Engineering microbial systems

The vast majority of plant-derived natural products (also known as ‘specialised metabolites’) have complex structures and stereochemistry that are beyond the reach of chemical synthesis. Furthermore, most of these compounds cannot be extracted in a sustainable and economical manner from their source plants due to low yield, difficulties in cultivation, or because the source material is a rare or endangered species. In addition there is a growing demand for green, environmentally friendly and sustainable means of producing high-value chemicals across a wide range of industrial sectors. We are working on the production of high-value chemicals from plants through expression of biosynthetic enzymes in microbial hosts, focusing on the largest class of plant-derived natural products – the terpenes. Terpenes range from small flavour and fragrance compounds to complex triterpenoids and steroids, and have numerous potential applications across the pharmaceutical, home and personal care, agriculture, food and beverage sectors.  Advances in our understanding of the genes and enzymes required for biosynthesis coupled with affordable commercial DNA synthesis and developments in DNA assembly technologies now offer unprecedented opportunities to use synthetic biology approaches to harness plant metabolic diversity and generate novel molecules. 

We have developed an innovative, versatile technology for enzymatically assembling and dynamically rearranging DNA modules. This platform enables rapid assembly of multiple standardized DNA modules into large assemblies such as metabolic pathways and to exchange individual parts of assemblies (e.g., regulatory elements) to allow variation and optimization. We will use this platform in combination with the in silico design and large scale DNA synthesis capability at the Edinburgh Genome Foundry to  enable synthesis of complex constructs for multi-step metabolic pathways and to tune expression levels of individual genes in the pathway to appropriate levels aiding flux through the pathway and enhancing product formation.

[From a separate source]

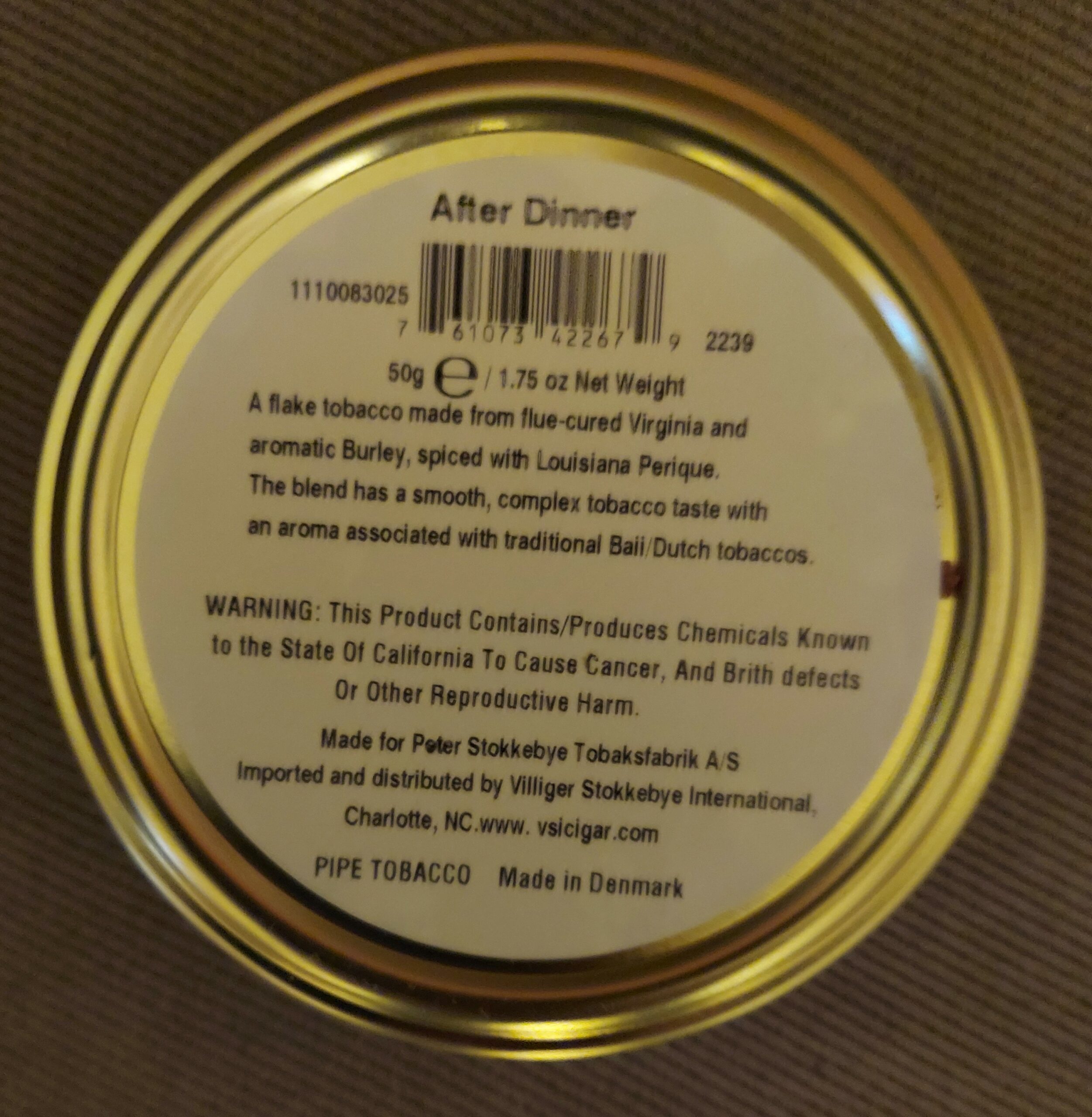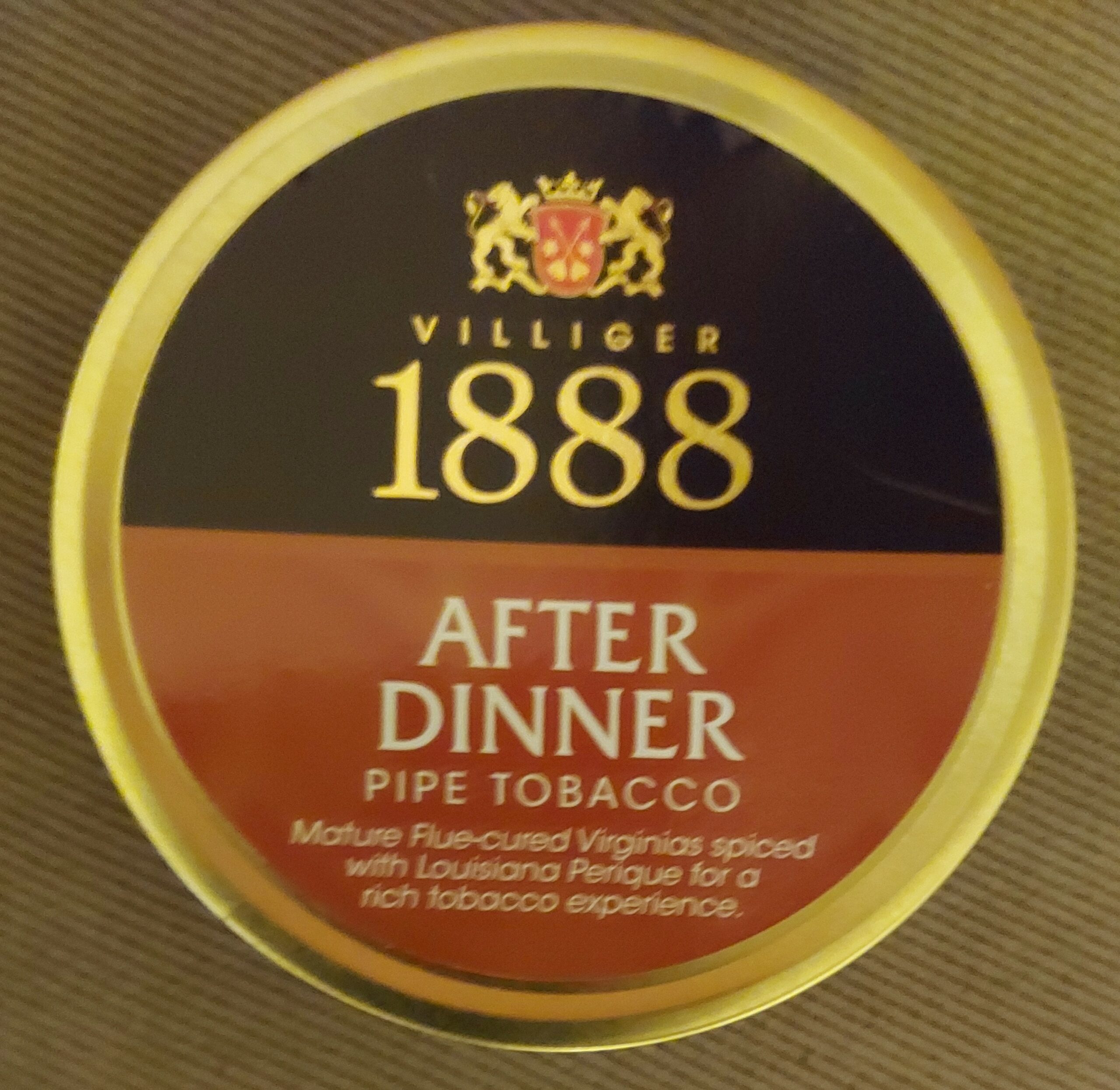 50g tin of Peter Stokkebye Villiger 1888 After Dinner. Wonderful well aged VaPer. No longer available. Using Peter Stokkebye date coding indicates it was tinned in 2011. I purchased it in May 2012.

  1. With our collaborators Prof Anne Osbourn (John Innes Centre) and Prof Jay Keasling (JBEI and University of Berkeley, CA) we are engineering pathways for the production of diverse, valuable plant derived triterpenes in Saccharomyces cerevisiae.
  2. We are engineering in vivo biosensors for natural products and their variants and use these sensors in high throughput screens allowing dynamic optimization of metabolic pathways.
  3. In collaboration with Prof Osbourn and Unilever we are working to produce plant derived triterpenoidal or steroidal surfactants, saponins, in yeast for commercial exploitation at the required scale, structure specificity & cost, for home & personal care applications.